2. The method of claim 1, wherein the step of feature fusing the human body detection image, the human body region binarization mask, and the image depth information to generate the multi-modal base data comprises: Performing channel stitching on three channels of the human body detection image, one channel of the human body region binarization mask and one channel of the image depth information to generate multi-mode basic data; the expression of the multi-mode basic data is as follows: , Wherein, the The multi-modal base data is represented by a multi-modal base data, Representing a stitching operation in the channel dimension, Represents a human body detection image, Represents a human body region binarization mask, Representing image depth information.

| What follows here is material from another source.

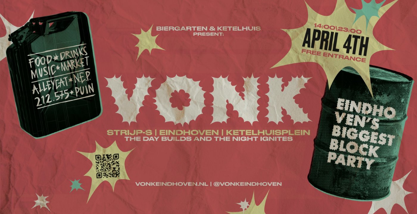 Presenting VONK, Eindhoven's biggest blockparty by Biergarten and Ketelhuis - where music, art, food and community come together in the heart of Strijp-S in collaboration with Alleycat, 212.575, Puin Collective, Threshold Enterprises, N.E.P. and many more.

3. The method of claim 1, wherein the step of feature fusing the human body detection image, the human body region binarization mask, and the image depth information to generate the multi-modal base data comprises: Combining the human body region binarization mask and the image depth information to generate a condition feature map; Analyzing the human body detection image, the condition feature map, a preset query weight matrix and a preset key weight matrix to generate attention weights; And analyzing the human body detection image, the attention weight and a preset value weight matrix to generate multi-mode basic data.
4. The method of claim 1, wherein the classification model includes a backbone network and a crush stimulus module, and the step of inputting the multimodal input data into a predetermined classification model for classification to generate the human body posture type includes: inputting the multi-mode input data into a backbone network for processing to generate an intermediate feature map; inputting the intermediate feature map into the extrusion excitation module for processing to generate a recalibration feature map; the recalibration feature map is input into a backbone network for classification to generate human body posture types.
5. The method of claim 4, wherein the step of inputting the intermediate profile into the crush stimulus module for processing to generate the recalibration profile comprises: Global average pooling is carried out on the intermediate feature map so as to generate channel global features; analyzing the global characteristics of the channel to generate channel weights; The channel weights and intermediate feature maps are analyzed to generate a recalibration feature map.
6. A human body posture recognition system, comprising: the acquisition module is used for acquiring a human body detection image; A memory for storing a program of a human body posture identifying method according to any one of claims 1 to 5; A processor, a program in memory being capable of being loaded by the processor and implementing a human gesture recognition method according to any one of claims 1 to 5.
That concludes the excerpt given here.